I've been working with Rhino Mocks for a couple of days now and I'm duly impressed. Aside from being generally useful, the Rhino Mocks syntax is mostly natural and some very clever design hacks are used to make it work the way you'd expect it to. (In case you don't know what mocking frameworks are, the subject has been tackled ad nauseam. Just take your pick.)
There is one caveat that is not immediately visible in the Record-Playback syntax, though:
internal interface IFoo { int Bar(); }[Test] [ExpectedException( typeof( InvalidOperationException ), "Type 'System.Object' doesn't match the return type " + "'System.Int32' for method 'IFoo.Bar();'" )] public void TestRecordSyntax_ReturnTypeMismatchBehavior() { MockRepository mocks = new MockRepository(); IFoo mock = mocks.CreateMock<IFoo>(); using ( mocks.Record() ) Expect.Call( mock.Bar() ).Return( new object() ); }
internal interface IFoo { int Bar(); }
[Test] [ExpectedException( typeof( InvalidOperationException ), "Type 'System.Object' doesn't match the return type " + "'System.Int32' for method 'IFoo.Bar();'" )] public void TestRecordSyntax_ReturnTypeMismatchBehavior() { MockRepository mocks = new MockRepository(); IFoo mock = mocks.CreateMock<IFoo>(); using ( mocks.Record() ) Expect.Call( mock.Bar() ).Return( new object() ); }
This simple test merely returns an incorrectly typed return value for the IFoo.Bar method, so with the ExpectedException in place you'd expect it to succeed, but you're in for a surprise:
[failure] RecordPlaybackTests.TestSetup.ConsistentReturnTypeMismatchBehaviorTestCase 'RecordPlaybackTests.TestSetup.ConsistentReturnTypeMismatchBehavior'failed: Exception of type 'MbUnit.Core.Exceptions.ExceptionExpectedMessageMismatchException' was thrown. Expected exception message: "Type 'System.Object' doesn't match the return type 'System.Int32' for method 'IFoo.Bar();'", got "Previous method 'IFoo.Bar();' require a return value or an exception to throw.".

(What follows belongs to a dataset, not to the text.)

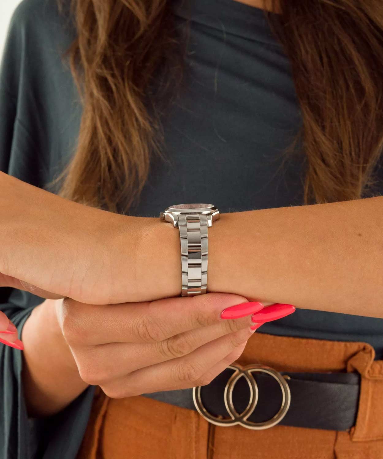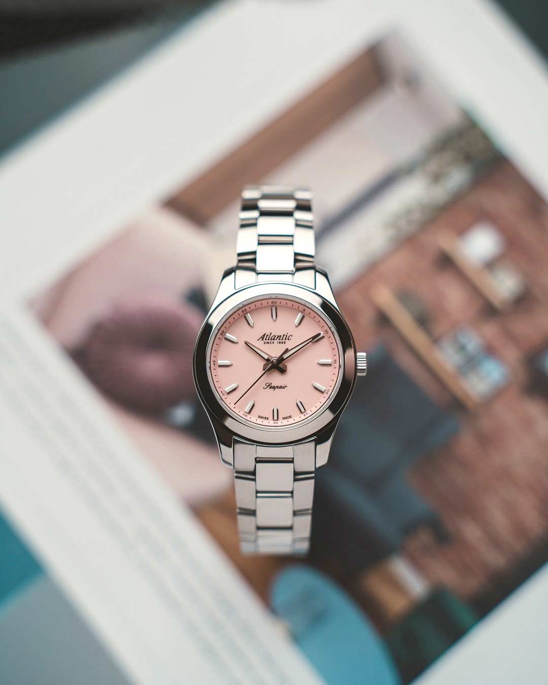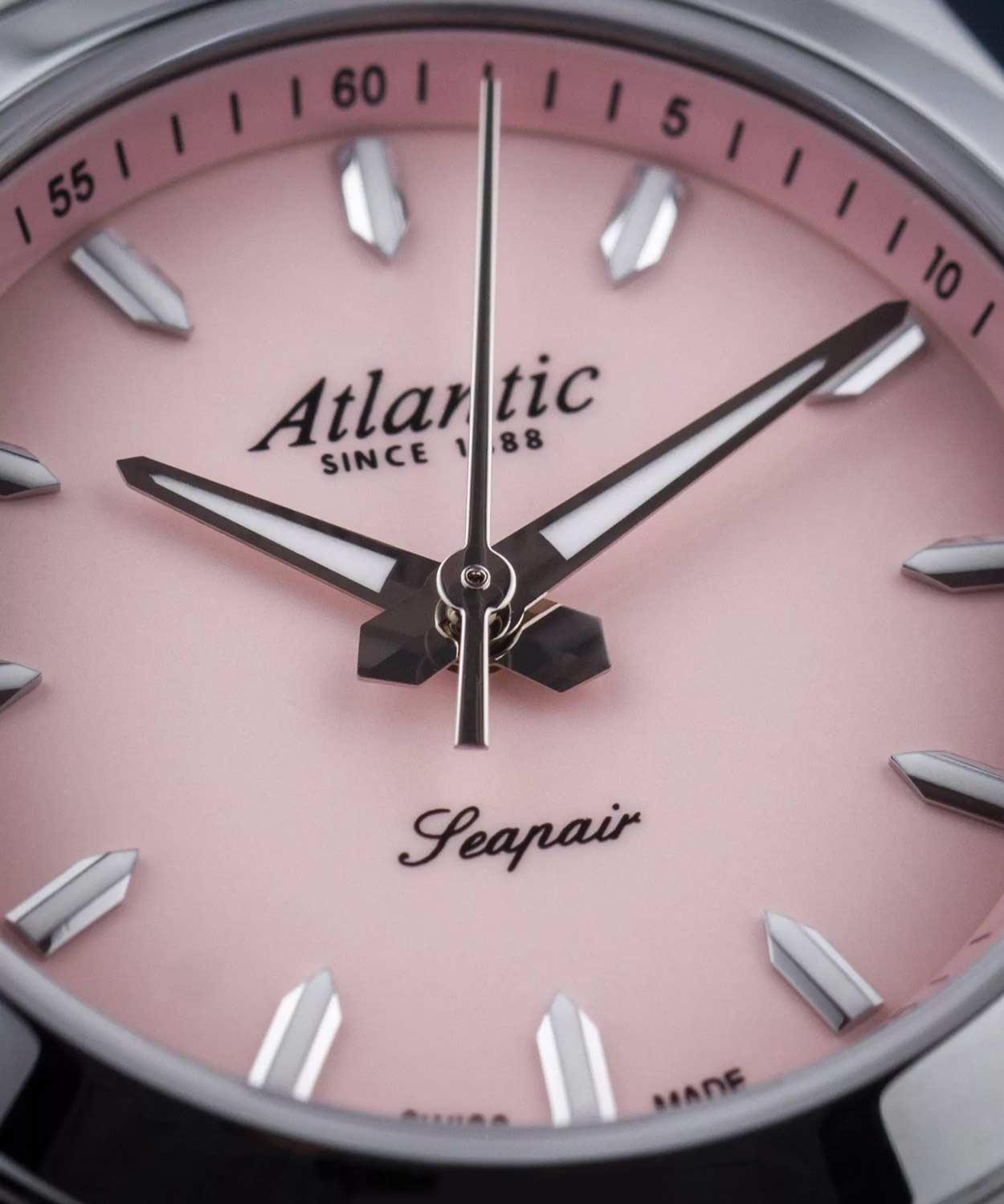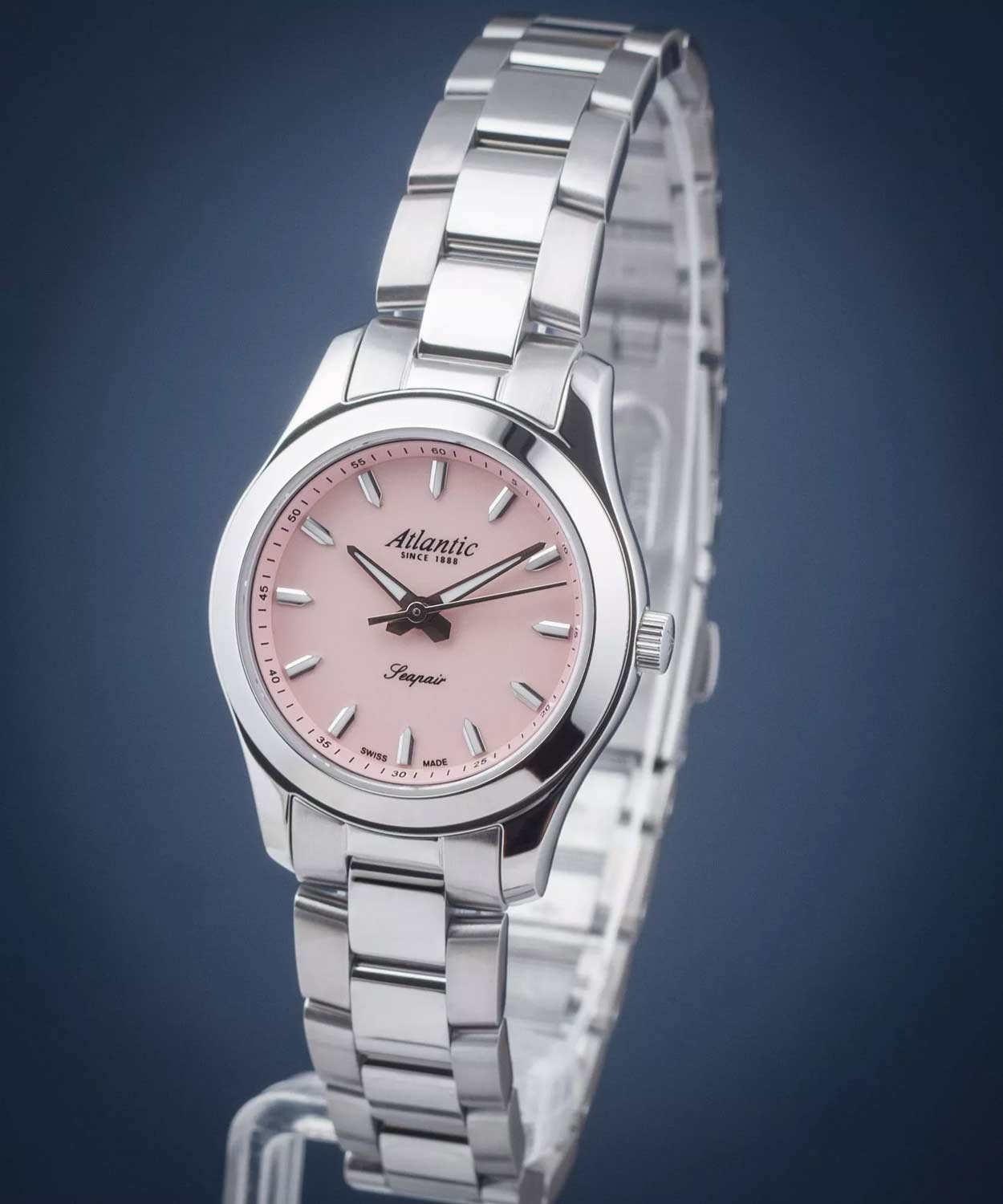 Женские швейцарские часы Atlantic Seapair Ladies 20335.41.91PK, кварцевый механизм с высокой точностью. Циферблат часов с люминесцентным покрытиемЛюминесцентное покрытиеПозволяет считывать показания времени в темноте. Производители наносят на стрелки, часовые индексы, безель или поверхность циферблата светонакопительный состав, дающий холодное свечение. стрелок и меток, дополнен сапфировым стекломСапфировое стеклоПрочный и надёжный материал из кристалла сапфира синтетического происхождения, характеризующийся особой твёрдостью и устойчивостью к царапинам и повреждениям., устойчивым к появлению царапин и обладающее высокой прозрачностью. Класс водозащиты: 30 метров, позволит защитить корпус от случайных брызг или капель дождя. Корпус часов изготовлен из нержавеющей стали. Стальной браслет с раскладной застёжкойРаскладная застёжкаТакой тип застёжки используется только на браслетах из металла. Она никогда не раскрывается полностью, происходит разделение на 2 и более частей. Раскладывающая застёжка снизит вероятность потери часов к минимуму..

To understand this, consider the following flow:
This is in fact how I first encountered this behavior, however there are several scenarios where this can happen. One example: setting up a return value that throws an exception on construction, possibly due to invalid arguments, causes the same behavior thereby masking the true cause of the error.
An alternative syntax suggested by Ayende (author of Rhino Mocks) is:
With.Mocks( delegate { Expect.Call( mock.Bar() ).Return( new object() ); } );
Aside from the esthetical aspect (i.e. butt-ugly), this syntax introduces a minor issue: you cannot Edit-and-Continue methods with anonymous delegates. This may not be a big deal for test code but it's worth noting.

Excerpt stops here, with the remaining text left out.